Autonomy & Authority

Days after Turkey’s invasion of Rojava, Kurdish politician Hevrin Khalaf was assassinated. In this interview from last year, she shares her thoughts on the Rojava revolution.

My name is Hevrin, from Derik, a city in Rojava. I studied and lived there, but now my work is in Qamishlo. I studied civil engineering in Aleppo for five years and I completed my education in 2009. After working for the government for one year, the revolution started. This was in 2011.

My family deserves the credit for my participation in the Rojava revolution; they are patriotic and have been organized for years. They always took me to meetings and social events. In other words, I have never been far away from political organizing and have always had strong roots in our society.

This may be the case everywhere in the Middle East, but especially in Rojava there still exists a strong unity and solidarity among our people. Living together, or what we call ‘communal living’ is still alive and common today. I am also part of this communal society.

These were Hevrin Khalaf’s words in the spring of 2018 when I met her. On October 12, 2019, three days after Turkey launched its military offensive into northern Syria, she was brutally murdered.
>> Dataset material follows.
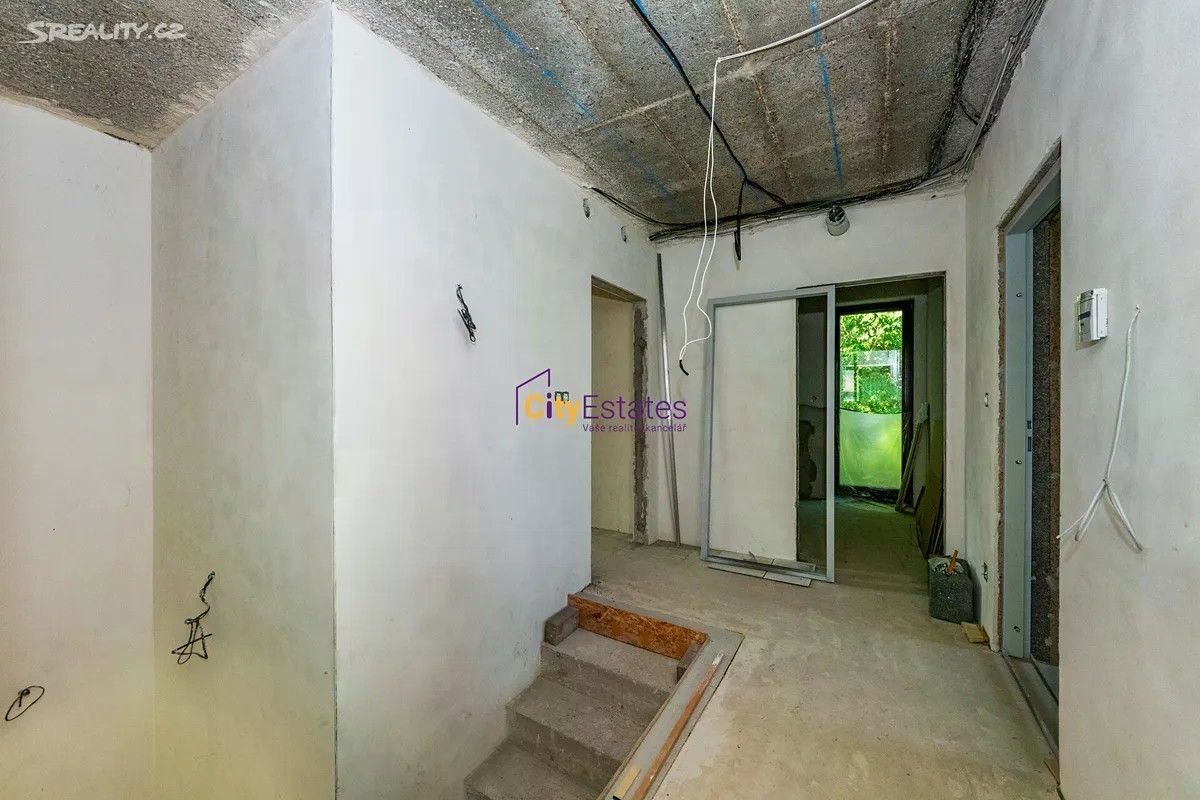V zastoupení klienta nabízíme k prodeji vícegenerační vilu před dokončením v Praze Strašnicích, ulice Hvozdnická. Místo, kde vila stojí, je zcela výjímečné, slepá ulice plná zeleně a přitom jen 5 minut chůze na metro a ke stanicím tramvaje. V blízkém parku Gutovka naleznete plno volnočasových aktivit pro děti i dospělé. V podzemním podlaží domu jsou dvě garáže. Dále je zde 5 skladů, kde lze vybudovat prostor pro podnikání a kotelna. V každém patře se nachází jeden malometrážní byt s vlastním sociálním zázemím a kuchyňkou - buď jako startovací byty pro děti, nebo byty, kde se můžete postarat o své rodiče. Hlavní obytný prostor je mezonetový, velký obývací pokoj s kuchyní s bočním východem na terasu a dvě ložnice s koupelnou. V patře se nachází ložnice, pracovna či druhá ložnice, hlavní koupelna, šatna a prádelna. Střecha je "zelená". Toto řešení snižuje náklady na vytápěńí, zlepšuje mikroklima a omezuje hluk. Dům je před dokončením, je třeba dodělat koupelny, položit podlahy, instalovat kuchyšké linky, zábradlí na schodišti a jeho finální povrch. To vše dává novým majitelům prostor dokončit nemovitost dle vlastních potřeb a představ. Majitel nabízí spolupráci při případných změnách projektu před jeho dokončením. Prohlídky nemovitosti po předchozí dohodě i přes víkend, Vážným zájemcům poskytneme stavební dokumentaci a také stavební povolení. Vizualizace ukazují možnosti dokončení interiéru.

According to reports by the Syrian Observatory for Human Rights, she was dragged out of her car and shot in cold blood on the road. Her autopsy reveals she was shot, beaten with heavy objects and dragged by her hair until the skin on her scalp came off.

I do not know how many times I have listened to our interview recordings since I heard the horrible news of Hevrin’s death. She describes Rojava and her struggle with such pride. I wanted to hear these honorable words, because they also explain many of the reasons for the war against Rojava and Kurds. This interview is an attempt to bring justice to the brave work that Hevrin Khalaf did for her people and for the people of Rojava.

I met Hevrin Khalaf (Hevrîn Xelef, in Kurdish) in the spring of 2018 when she was the co-chair of the Ministry of Economy of the Autonomous Administration of North and East Syria, better known as Rojava. The day before, she had lost her comrade Gerdo, with whom she had struggled together for many years; she was returning from Gerdo’s house in Tirbespîyê , and I remember when she called me to say that she was sorry for being late and that she was on her way.

A lifelong struggle

While I waited for Hevrin in the garden of the Ministry of Economy, sitting in the shadow of a tree, I chatted and smoked with the woman responsible for the Asayişa JIN, the women security forces in Rojava. She looked so strong and autonomous that when I saw the ring on her finger, I must admit I was a little surprised and asked her if she was married; “I’m married, but my husband works for the community security forces in another part of Rojava,” she said. A little embarrassed, she laughingly confessed: “We forgot that we were married once the revolution happened.”

Hevrîn Xelef. Photo via ANF News Agency

Women in Rojava have always sought to transform the revolution, which everyone knows as a women’s revolution, into a social revolution. Hevrin struggled for this all her life and was murdered while fighting for it.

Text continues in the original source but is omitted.